Turkey will also begin manufacturing a new type of armed drones in the near future, the Turkish president said.

Turkey's strongman also slammed the efforts of rebellious former AKP heavyweights were merely ‘’projects’’ to destroy the Islamist party, Erdoğan said.

‘’Those who are looking to damage Turkey’s ruling AKP for their political aspirations have in the end always suffered a defeat,’’ Erdoğan said during the dinner with AKP organisations in Ankara on Wednesday to mark the 100th anniversary of the Sivas Congress, a milestone in the independence of the Turkish Republic.

The arrival of the founder of the Turkish republic, Mustafa Kemal Atatürk, at the Congress in 1919, confirming his position as chair of the executive committee of the national resistance, is considered a turning point in the formation of the Turkish Republic.

Erdoğan’s statement arrived amid increasing reports of a new conservative political movement led by former allies of the president, including former Finance and Deputy Prime Minister Ali Babacan and former President Abdullah Gül.

Commentators in Turkey have speculated that the planned arrival by the year’s end of that movement and another led by a former AKP prime minister, Ahmet Davutoğlu, could challenge the ruling party’s command of Turkey’s large conservative demographic after 17 years in power.

“Do not forget that all of these are projects,’’ The Turkish president said. Turkish press outlets interpreted the speech as a reference to the rebels' efforts to establish new parties.

Erdoğan vowed that Turkey would continue in its struggle despite increased scenarios against the country, referring to ‘’forces’’ which are looking to divide the country.

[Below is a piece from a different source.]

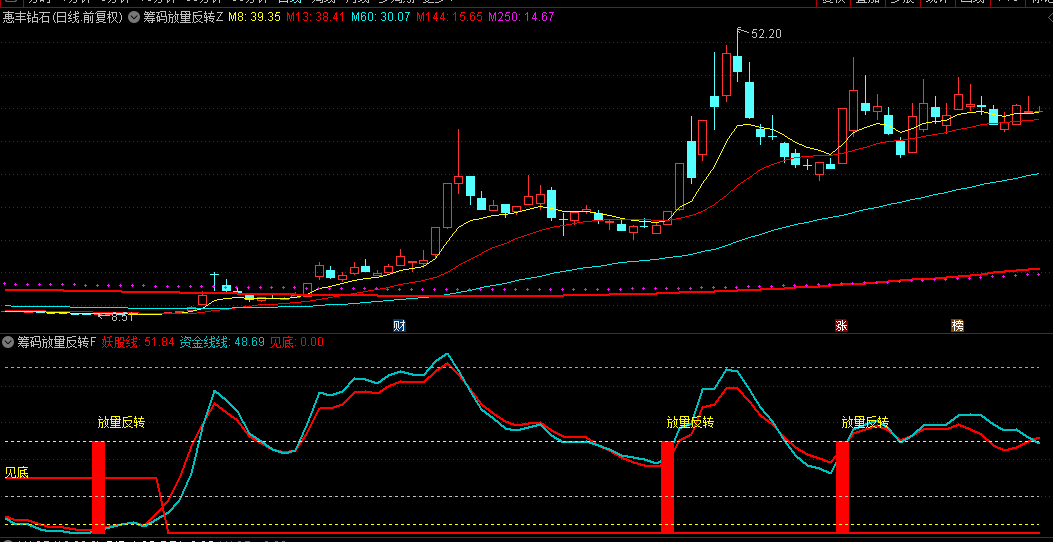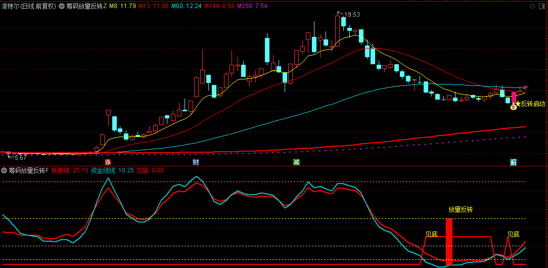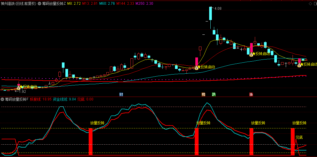 而“筹码放量反转”指标的主图部分,正是用来捕捉这一反转启动信号的。

“We are declaring the integrity of our homeland in the face of those with separatist intentions. Our movement with the sovereignty of the national will against the centres of tutelage is a fundamental principle. These are the principles of the struggle for survival that we maintain within and outside of our borders,’’ Erdoğan said.

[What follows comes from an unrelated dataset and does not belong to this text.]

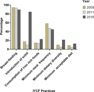 The prevalence of stunting among children aged 6–23 months in Ethiopia decreased greatly from 49% in 2005 to 32% in 2016. Among the IYCF practices, consumption of iron-rich foods, minimum dietary diversity (MDD), and minimum acceptable diet (MAD) were significant predictors of stunting. In addition, the prevalence of anaemia declined significantly from 26% in 2005 to 16% in 2011, but increased to 29% in 2016. Among the IYCF practices, breastfeeding and minimum meal frequency (MMF) had lower odds of childhood anaemia.

Turkey’s strongman also spoke of Turkey’s purchase of the Russian S-400 system, a move which led Washington to eject Turkey from the programme to build F-35 advanced fighter jets and threaten Ankara with sanctions.

Erdoğan said that Turkey had already taken delivery of the first battery of the Russian S-400 missile systems in July and was in the process of procuring its second.

“This of course adds a completely different power to our defence system. Whatever we have done in the past 18 years has been for the people of Turkey,’’ the Turkish president said.

Erdoğan on Wednesday also called on the ruling AKP organisations to work hard ahead of the next elections slated for 2023 in order to improve on their poor performance in the March local elections, which saw the party lose five of Turkey’s most populous provinces.